After I let loose a tautly drawn bolt,

I drag myself along on this stinking foot.

When I had to drink the water that pours from this spring,

in icy winter, I had to break up wood,

crippled as I am,

and melt the ice alone.

I dragged myself around and did it.

And if the fire went out, I had to sit,

and grind stone against stone

until a spark sprang up to save my life.

This roof, if I have fire, at least gives me a home,

gives me all that I need to stay alive

except release from my anguish.

 

Come, child, let me tell you of this island.

No one comes here willingly.

There is no anchorage here, nor any place

to land, profit in trade, and be received.

Intelligent people know not to come here,

but sometimes they do, against their will.

In the long time I have been here, it was bound to happen.

When those people put in, they pitied me---

or pretended to, at least---and gave me new clothes

and a bit of food. But when I asked for a homeward passage,

they would never take me with them.

 

It is my tenth year of hunger and the ravaging illness

that I feed with my flesh.

The Atreids and Odysseus did this to me.

May the Olympian gods give them pain in return.

 

CHORUS

 

I am like those who came here before.

I pity you, unlucky Philoktetes.

 

NEOPTOLEMOS

 

And I am a witness to your words.

I know you speak truly, for I have known them,

the evil Atreids and violent Odysseus.

 

PHILOKTETES

 

Do you too have a claim

against the all-destroying house of Atreus?

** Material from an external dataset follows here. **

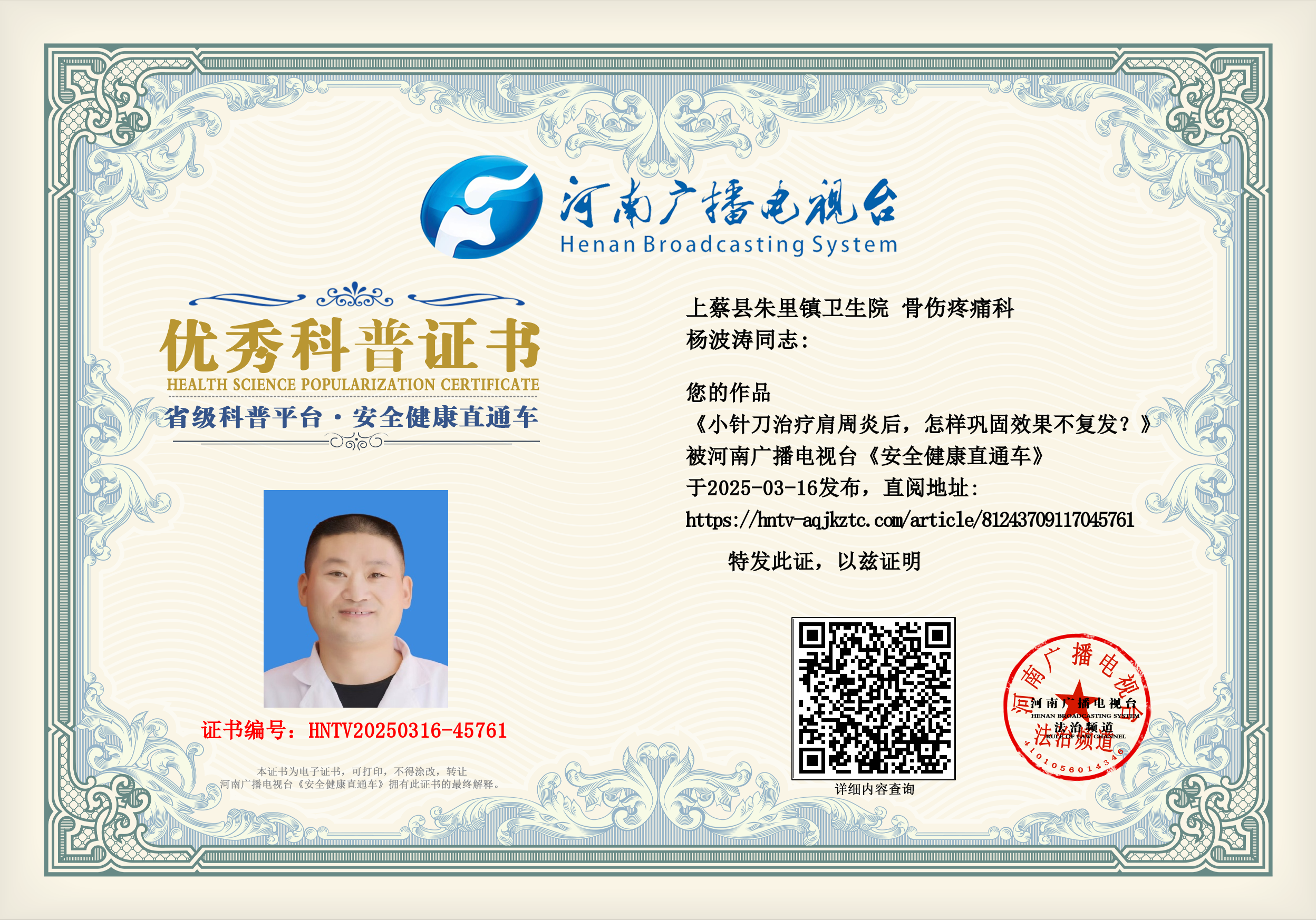 (杨波涛 上蔡县朱里镇卫生院 骨伤疼痛科)
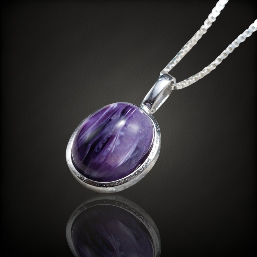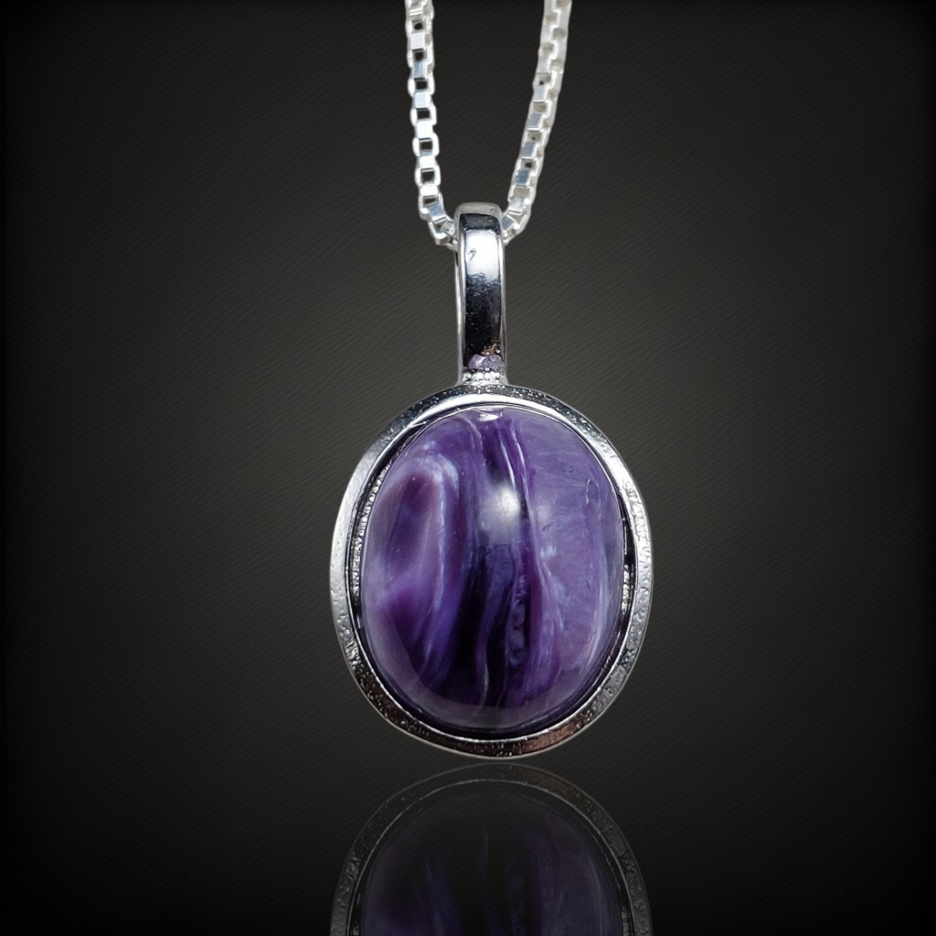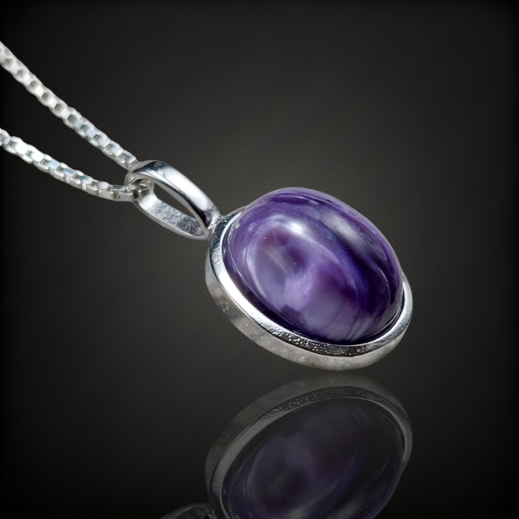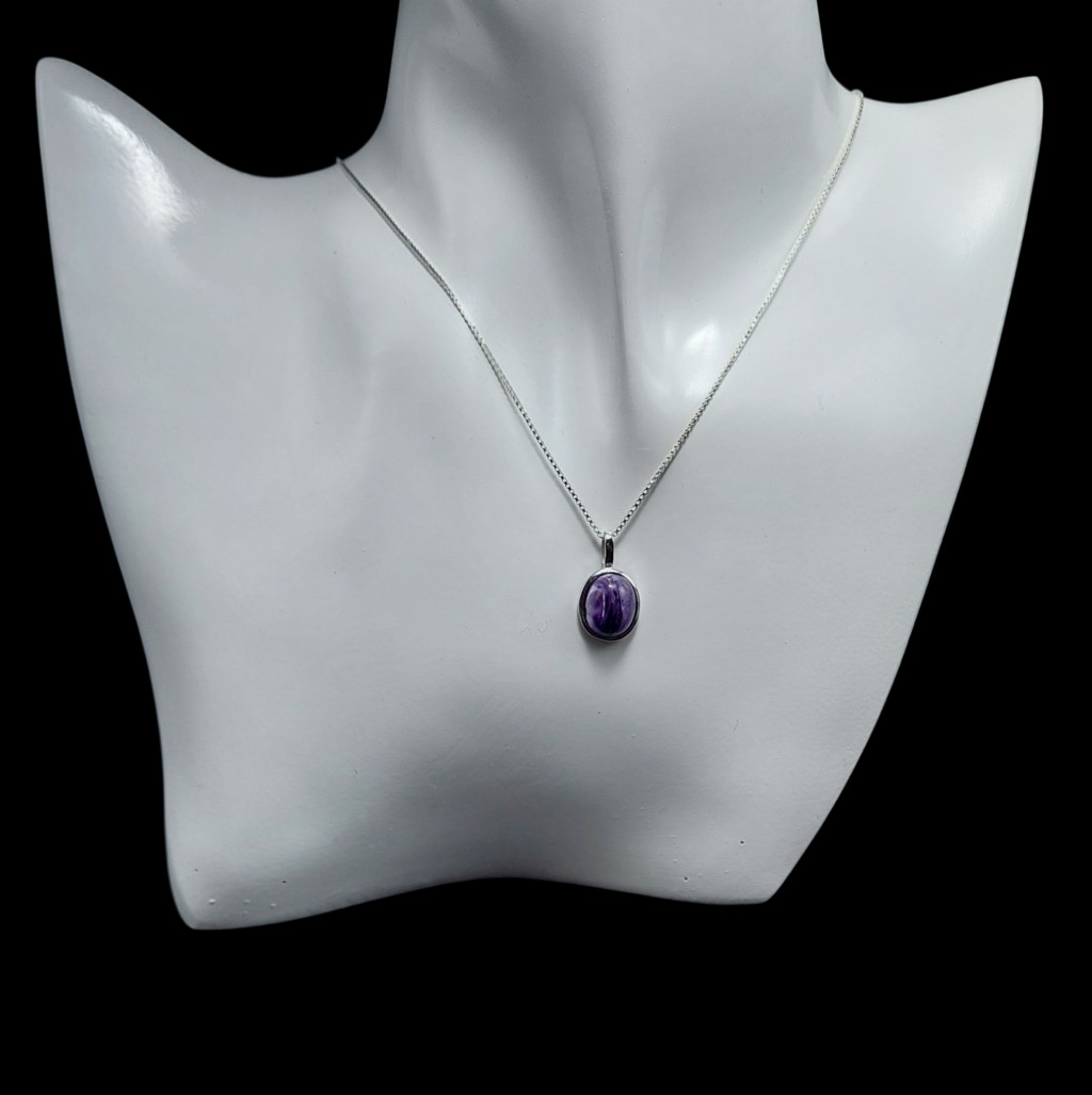 Csaroit köves ezüstmedálA medál nagysága bújtatóval együtt: 19mmA kő nagysága: 11x9mm, származási helye: OroszországAz ékszer anyaga 925-ös finomságú ezüst.A kő színe élőben kis mértékben eltérhet a képen láthatótól.A nyaklánc nem tartozék!

Have they made you suffer? Is that why you are angry?

 

NEOPTOLEMOS

 

May the anger I carry be avenged by this hand,

so that Mycenae and Sparta, too, may know

that mother Skyros bears brave men.

 

PHILOKTETES

 

Well spoken, boy.

What wrath have they incited in you?

 

NEOPTOLEMOS

 

Philoketetes, I will tell you everything,

although it pains me to remember.

When I came to Troy, they heaped dishonor on me,

after Achilles had met his death in battle....

 

PHILOKTETES

 

Tell me no more until I am sure I've heard rightly:

is Achilles, son of Peleus, dead?

 

NEOPTOLEMOS

 

Yes, dead, shot down by no living man,

but by a god, so I've been told.

He was laid low by Lord Apollo's arrows.

 

PHILOKTETES

 

The two were noble, the killer and the killed.

I am not sure what to do now---

to hear out your story or mourn your father.

 

NEOPTOLEMOS

 

It seems to me that your woes are enough

without taking on the woes of others.